Differente anni luce è l’impatto di Guccini con Dio è morto: intanto in
lui Dio
è metafora del dolore immenso che sconquassa il mondo, della perdita
dei
valori, delle guerre, della fame, della miseria e quant’altro. Non è
quindi Dio
in sé ad essere morto, bensì la società tutta che confonde il male con
il bene,
non conosce più limiti, non ha più nessuna pietà.
A dare voce allo scontento e all’incertezza umana arriva nel ’67 De
André (con
Spiritual e Si chiamava Gesù) col suo Dio-uomo da una parte e il suo
uomo
incolpevole dall’altra, temi che tre anni dopo esprimerà in senso più
ampio ne
La buona novella. Altra storia è in De André: lui sì che prende e
subito una
posizione.
L’afflato di Fabrizio è fortemente, tortuosamente terreno, è l’uomo il
centro
morale, il valore primo dell’universo; ogni cosa parte dall’uomo e
nell’uomo ha
il suo epilogo. Ma De André crede in Dio? Parrebbe di no. Dio è
invenzione del
potere per avere la scusa di comandare in suo nome e giustificare a suo
nome
ogni bassezza.
La splendida Preghiera in gennaio (dedicata al suicidio di Tenco) è una
specie
di sommario delle certezze di De André, che non sono così «laiche». Per
lui non
esiste l’inferno, Dio accoglie chi ha sofferto (anche i peccatori) e,
fondamentale, Dio ascolta gli uomini per aiutare gli uomini. Non solo
Preghiera
in gennaio è un capolavoro, ma mi pare nella sua non laicità, nel suo
sfondo
eretico un atto di fede ancor più forte di mille lodi al creatore. È
evidente
che De André fosse affascinato dal sospetto dell’esistenza di Dio, ma
lo
immaginò uguale identico al suo sentire, senza stare a seguire bibbie e
vangeli.
E infatti nemmeno i Vangeli canonici seguì. Nella Buona novella a De
André non
interessa celebrare la venuta di Dio sulla terra. A lui preme
dimostrare come
un uomo straordinario abbia insegnato al mondo la pietà e, attenzione
non il
perdono, la pietà.
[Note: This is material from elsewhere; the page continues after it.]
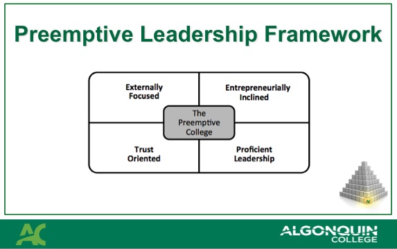 Let me end with the fourth cornerstone.  This cornerstone is based partly on my own research of leadership in high performing colleges and it is something that I use in evaluating who we are going to attract and promote at Algonquin. These are new times for us in higher education. To accomplish the three cornerstones shared this morning, we need a different kind of leader. I won’t go into each of these traits on this slide simply due to time, however as you can see on the slide, I contend educational leaders today must be externally focused – entrepreneurially inclined – trust oriented and practice proficient leadership; a skill that will positively create the change required to compete in today’s unique marketplace. This preemptive leadership must accept the paradox of higher education that what has made us successful today does not guarantee success tomorrow.

Si perdona infatti solo chi ha colpa e se ne pente,
ma
nell’universo di Fabrizio, l’uomo non è responsabile del male, o ci
nasce in
mezzo o se ne difende, come nel sublime Testamento di Tito.
Contestuale anche se fortemente politico, caustico, graffiante è il
Gaber
dell’80 (Io se fossi Dio), che stila in effetti un panorama definitivo
delle
bassezze di questo mondo, augurandosi l’avvento di un Dio vendicativo e
punitore. Gaber rivolgendosi direttamente al creatore aveva già scritto
nel ’70
una bellissima "preghiera", il cui tema (guardar giù anche tra gli
scontenti, i disgraziati, gli operai) riprenderà De André in Smisurata
preghiera» e si era divertito (e qui l’ironia è tutto) in una bizzarra
Madonnina dei dolori del ’72 fuori dalla norma perché ai grandi
problemi
metafisici oppone le sue minuscole fastidiosissime disgrazie di uomo
comune.
Io se fossi Dio è una valanga di citazioni, sottintesi e no, un
torrente di
invettive, di gridi liberatori, di offese, un mix alla Savonarola,
insomma.
Ovviamente anche qui Dio è un ruolo una scusante una maschera, ma a
differenza
di De André, Gaber a Dio ci crede eccome, e sotto sotto spera che prima
o poi
intervenga per punire questo letamaio. Tra le righe si evince che nella
sua
disamina Gaber lascia intendere che forse è così che deve andare:
l’altro Dio
quello vero, permette tutto quello che lui non permetterebbe ma avrà
bene le
sue ragioni anche se inarrivabili e oscure.
Negli anni ’70 non possiamo fare a meno di citare l’altra storia del
mondo,
così minuziosamente complessa, fascinosamente darwiniana che ci
presenta Lucio
Dalla in Com’è profondo il mare. Il tema di fondo è la storia del
pensiero
libero umano soffocato dall’ignoranza e dalla prevaricazione evidenti
nelle
ultime due strofe dove chi comanda, non potendo eliminare il male
(metafora del
progresso popolare) lo brucia lo uccide lo umilia. Non erano tempi
quelli di
salamelecchi e sviolinate, oggi a distanza di trent’anni Dalla, come
molti
d’altronde, si è chiamato fuori, ha sepolto nel passato la sua vena
contestatrice e provocatoria e si è trovato a consacrare e legittimare
la
presenza e le ragioni di Dio nel mondo (come nel brano Inri).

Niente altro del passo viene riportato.